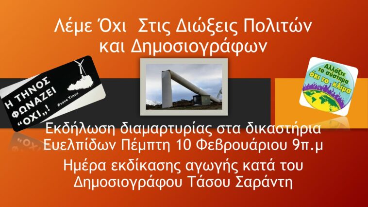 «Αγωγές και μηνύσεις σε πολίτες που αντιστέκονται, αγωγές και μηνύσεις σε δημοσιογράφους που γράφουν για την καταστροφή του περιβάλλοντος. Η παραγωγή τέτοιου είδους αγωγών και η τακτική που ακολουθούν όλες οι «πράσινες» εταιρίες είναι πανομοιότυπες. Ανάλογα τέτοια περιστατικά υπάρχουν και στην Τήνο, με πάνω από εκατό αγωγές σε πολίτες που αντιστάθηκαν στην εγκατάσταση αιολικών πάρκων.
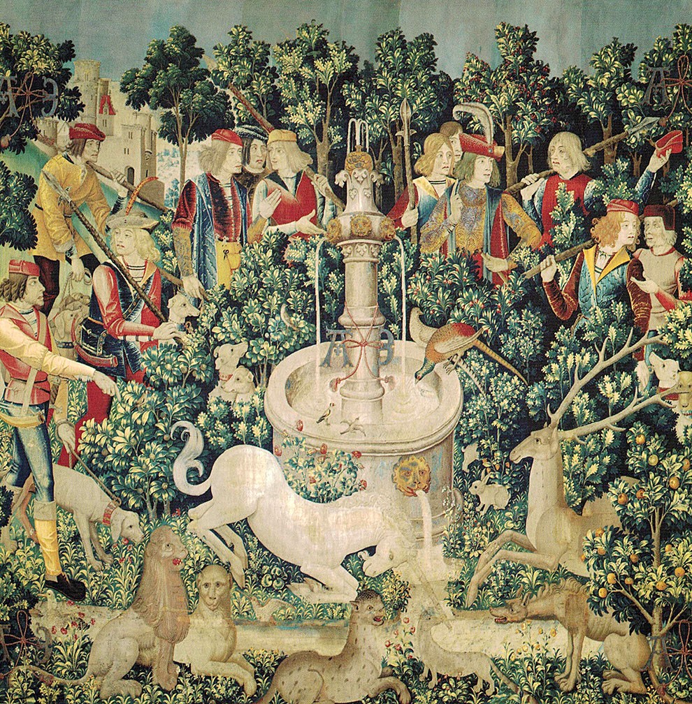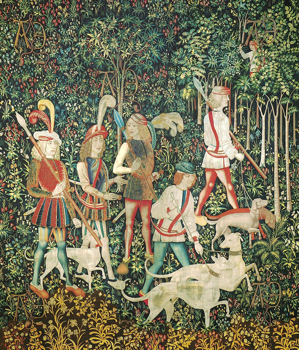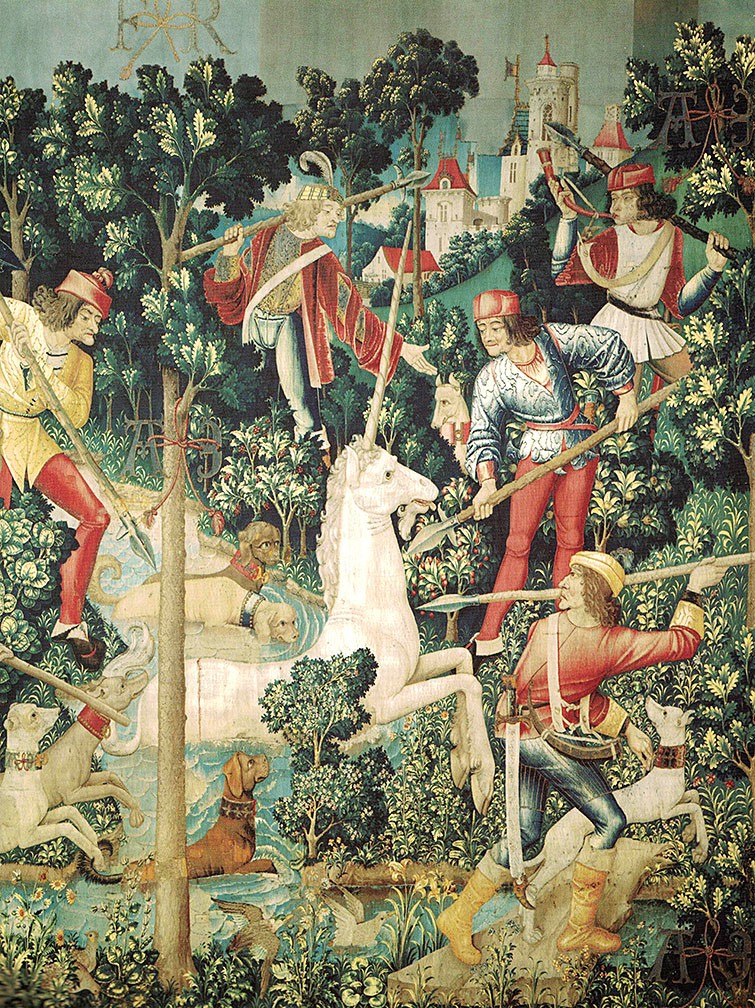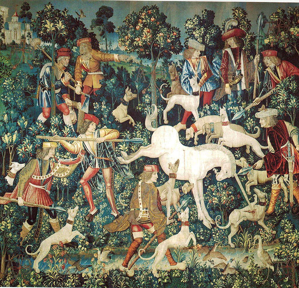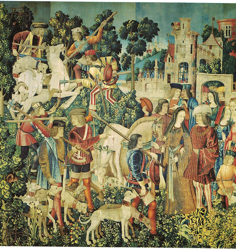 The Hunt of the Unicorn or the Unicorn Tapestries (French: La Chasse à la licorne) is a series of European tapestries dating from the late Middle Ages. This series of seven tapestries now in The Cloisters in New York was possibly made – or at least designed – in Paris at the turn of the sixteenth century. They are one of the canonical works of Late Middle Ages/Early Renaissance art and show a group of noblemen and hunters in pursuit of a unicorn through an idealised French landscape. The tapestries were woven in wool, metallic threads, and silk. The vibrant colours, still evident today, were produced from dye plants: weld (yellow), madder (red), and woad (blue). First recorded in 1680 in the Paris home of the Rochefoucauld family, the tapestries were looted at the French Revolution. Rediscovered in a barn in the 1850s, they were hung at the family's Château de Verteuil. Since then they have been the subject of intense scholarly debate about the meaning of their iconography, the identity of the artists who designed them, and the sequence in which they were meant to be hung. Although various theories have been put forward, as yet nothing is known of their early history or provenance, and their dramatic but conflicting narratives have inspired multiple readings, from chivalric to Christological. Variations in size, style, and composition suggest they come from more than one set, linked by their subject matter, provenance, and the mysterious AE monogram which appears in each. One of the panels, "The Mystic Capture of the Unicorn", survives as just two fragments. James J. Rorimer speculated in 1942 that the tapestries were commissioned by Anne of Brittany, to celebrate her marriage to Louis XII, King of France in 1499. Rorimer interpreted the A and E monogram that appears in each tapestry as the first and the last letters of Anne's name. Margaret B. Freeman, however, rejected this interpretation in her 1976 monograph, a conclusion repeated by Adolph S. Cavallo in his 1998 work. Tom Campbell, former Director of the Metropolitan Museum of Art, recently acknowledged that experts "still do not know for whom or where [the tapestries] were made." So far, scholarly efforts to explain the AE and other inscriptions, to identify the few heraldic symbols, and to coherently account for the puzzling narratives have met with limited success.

---

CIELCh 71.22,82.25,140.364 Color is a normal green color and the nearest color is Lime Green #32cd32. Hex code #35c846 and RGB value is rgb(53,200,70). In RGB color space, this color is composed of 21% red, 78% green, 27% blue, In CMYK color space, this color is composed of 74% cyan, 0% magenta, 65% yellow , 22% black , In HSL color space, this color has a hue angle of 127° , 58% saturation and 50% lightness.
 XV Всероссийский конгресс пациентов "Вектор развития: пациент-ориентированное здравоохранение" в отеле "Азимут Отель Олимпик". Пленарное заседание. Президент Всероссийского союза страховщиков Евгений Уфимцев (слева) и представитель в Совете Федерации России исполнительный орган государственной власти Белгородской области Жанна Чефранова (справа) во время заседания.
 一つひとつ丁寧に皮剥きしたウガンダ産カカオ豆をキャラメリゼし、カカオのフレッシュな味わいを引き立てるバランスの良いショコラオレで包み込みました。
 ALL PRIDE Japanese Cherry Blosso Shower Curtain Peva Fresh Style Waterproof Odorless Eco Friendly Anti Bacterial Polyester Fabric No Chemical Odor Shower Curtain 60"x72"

* * *

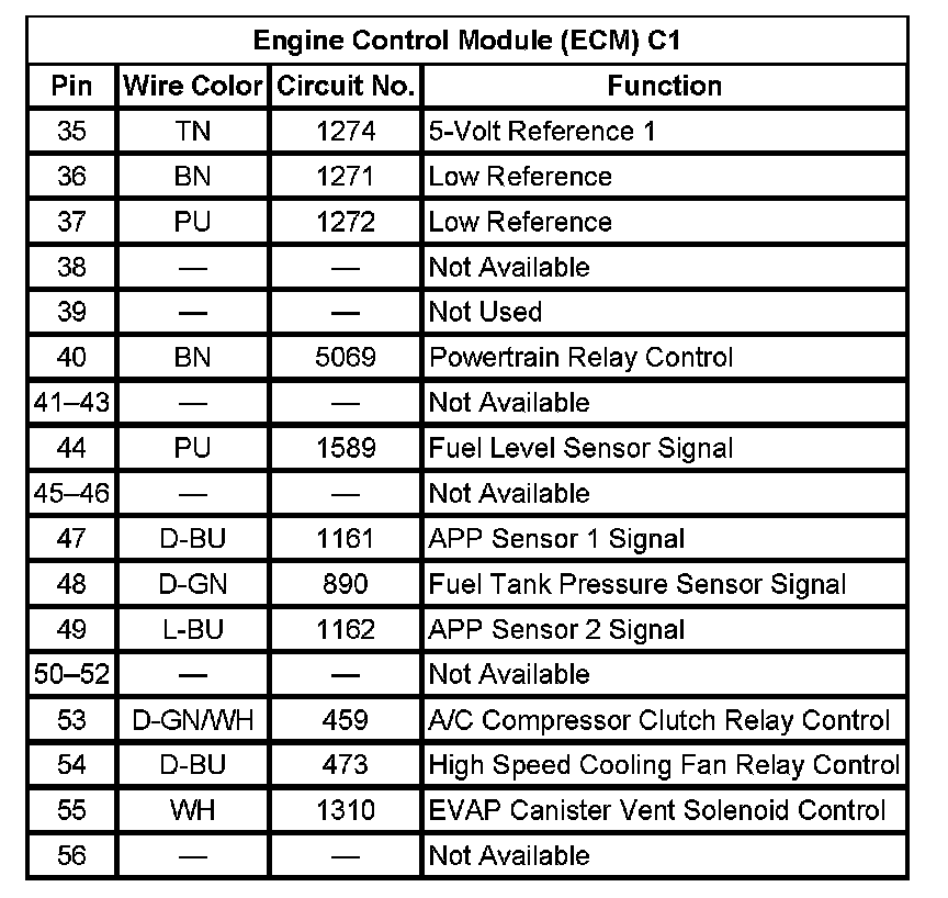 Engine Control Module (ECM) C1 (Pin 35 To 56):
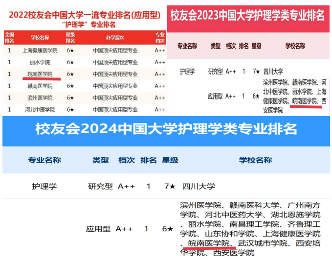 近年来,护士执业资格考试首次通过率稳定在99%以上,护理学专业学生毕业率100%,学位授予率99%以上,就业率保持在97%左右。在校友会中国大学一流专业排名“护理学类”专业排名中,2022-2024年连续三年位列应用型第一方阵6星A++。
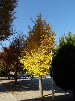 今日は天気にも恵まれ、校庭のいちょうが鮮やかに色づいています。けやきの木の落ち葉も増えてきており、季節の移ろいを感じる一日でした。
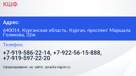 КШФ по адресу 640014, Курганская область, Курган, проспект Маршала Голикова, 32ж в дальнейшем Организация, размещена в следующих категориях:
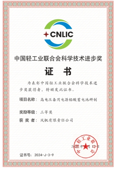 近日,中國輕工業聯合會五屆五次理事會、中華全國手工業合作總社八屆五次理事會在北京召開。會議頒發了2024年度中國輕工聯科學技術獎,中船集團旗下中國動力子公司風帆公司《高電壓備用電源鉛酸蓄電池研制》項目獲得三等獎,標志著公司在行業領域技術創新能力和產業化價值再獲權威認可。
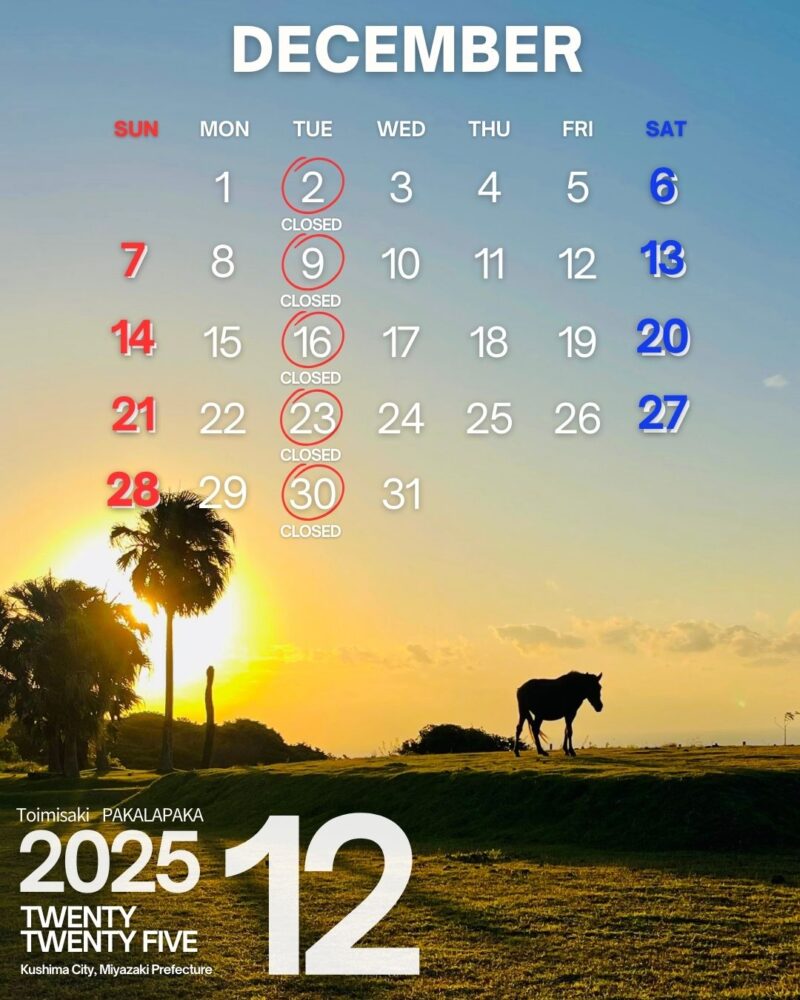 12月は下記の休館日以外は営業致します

• Exercise details: Beginning with the line above that contains "一つひとつ丁寧に皮剥きしたウ", copy each line exactly up to and including the line that contains "ALL PRIDE Japanese", and go no further.

• Expected answer:
 一つひとつ丁寧に皮剥きしたウガンダ産カカオ豆をキャラメリゼし、カカオのフレッシュな味わいを引き立てるバランスの良いショコラオレで包み込みました。
 ALL PRIDE Japanese Cherry Blosso Shower Curtain Peva Fresh Style Waterproof Odorless Eco Friendly Anti Bacterial Polyester Fabric No Chemical Odor Shower Curtain 60"x72"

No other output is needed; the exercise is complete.